He suggests they meet in the south of France in the summer. There is no confirmation that they did so.

   18 June 1913. Dziewicki writes a five-page letter to Russell dis­cussing bound (real) variables and the theory of types, and alludes to a remark on “p. 43 of Principia Mathematica”, which is in the Intro­duction.

   The letters so far suggest that Dziewicki impressed Russell as a serious student of the Principles of Mathematics, then read “Mathe­matical Logic as Based on the Theory of Types” (1908), and, it seems, received proofs of Principia Mathematica from Russell. Wittgenstein’s report that Dziewicki discussed the philosophy of space in their meeting in 1915 also seems to fit.

   The correspondence continued with letters to Russell (dated 5 September 1913, 27 and 28 October 1913, and 24 February 1914), the last when Russell was about leave for Harvard University. In these letters Dziewicki discusses the theory of descriptions from *14 of PM, suggesting that his reading is pro­ceeding.

   [ June 1914]. A puzzling remark appears in the next letter:

 

    It is almost a year since you kindly sent me proofs of Principia Mathematica; and until the present time, I have been constantly working at them, so far as my occupations and capacity for strenuous mental work allowed me. I had great difficulties at first; the proofs,[32] not being a complete set, gave me only an imperfect idea of the system of dots, indispensable for the understanding of your notation. Luckily, I managed in November to get a copy of the book itself; and at present I may say that, so far as mere understanding goes, I have mastered the formal part of the work as far as *38.[33] Perhaps you will not smile when I add that I am rather proud of the feat. [End P. 157]

 

There follows a long, eighteen-page discussion of descriptions and classes, accurately presented in PM notation, and so confirming the claim to have studied up to *38, which comes close to being the whole of Part I on “Mathematical Logic”, with Part II called “Prolegomena to Cardinal Arithmetic”.

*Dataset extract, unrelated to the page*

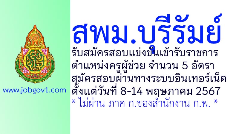 สพม.บุรีรัมย์ รับสมัครสอบแข่งขันเข้ารับราชการ ตำแหน่งครูผู้ช่วย 5 อัตรา ตั้งแต่วันที่ 8-14 พฤษภาคม 2567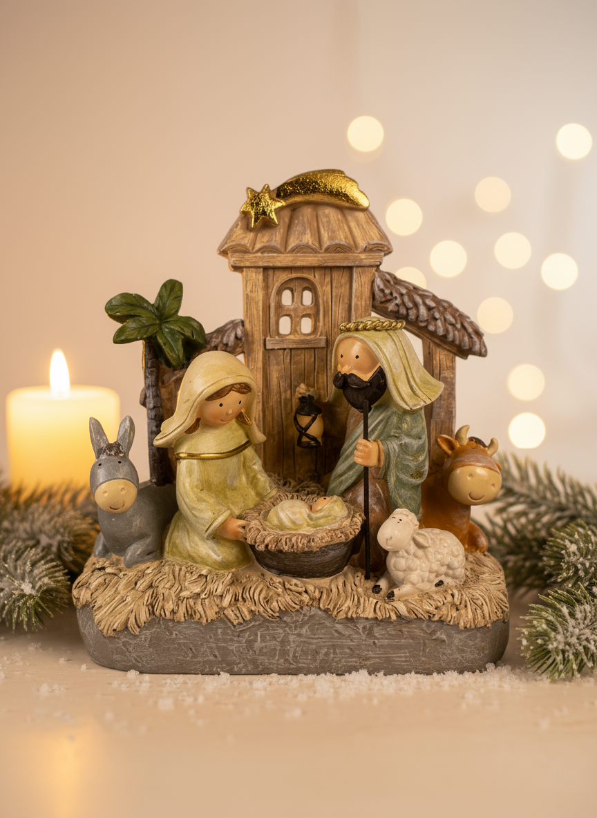 Um presépio encantado que guarda no coração a luz e a ternura do nascimento de Jesus.

   This letter suggests that the “proofs” that Russell sent were “incomplete”, so much so that the system of dots is not made clear by what Dziewicki received. This is confusing. The system of dots is explained in the Introduction, pages 9–11, and so much earlier than passages clearly included in the material he read before November 1913. Possibly he was unable to apply the dot principles. Russell and White­head say in concluding their account of the dot system:

 

    Other uses of dots follow the same principles, and will be explained as they are introduced. In reading a proposition, the dots should be noticed first, as they show its structure. In a proposition containing several signs of implication or equivalence, the one with the greatest number of dots before or after it is the principal one: everything that goes before this one is stated by the proposition to imply or be equivalent to everything that comes after it.(PM, 2nd ed., I: 10–11)

 

This explanation is in the sixteen pages of sheet 1 of PM’s first volume, so possibly it was missing from the proofs Russell sent. (It is an odd sheet to be missing from his gift.) Dziewicki then reports that “in November”, presumably November 1913, he was able to “get a copy of the book itself ” and then proceeded to cor­respond with Russell about issues in Volume I of PM.[34] Calling the three-volume set of PM “the book itself ”, if that’s what he was referring to, is a little odd; and he never explicitly mentions Volumes II and III and yet tells Russell in 1922 that he owns Volume I. The June 1914 letter is thus doubly confusing about the proofs, and perhaps the evidence it provides should be discounted for that. The formulas in his letter show that he became fluent in the dot notation.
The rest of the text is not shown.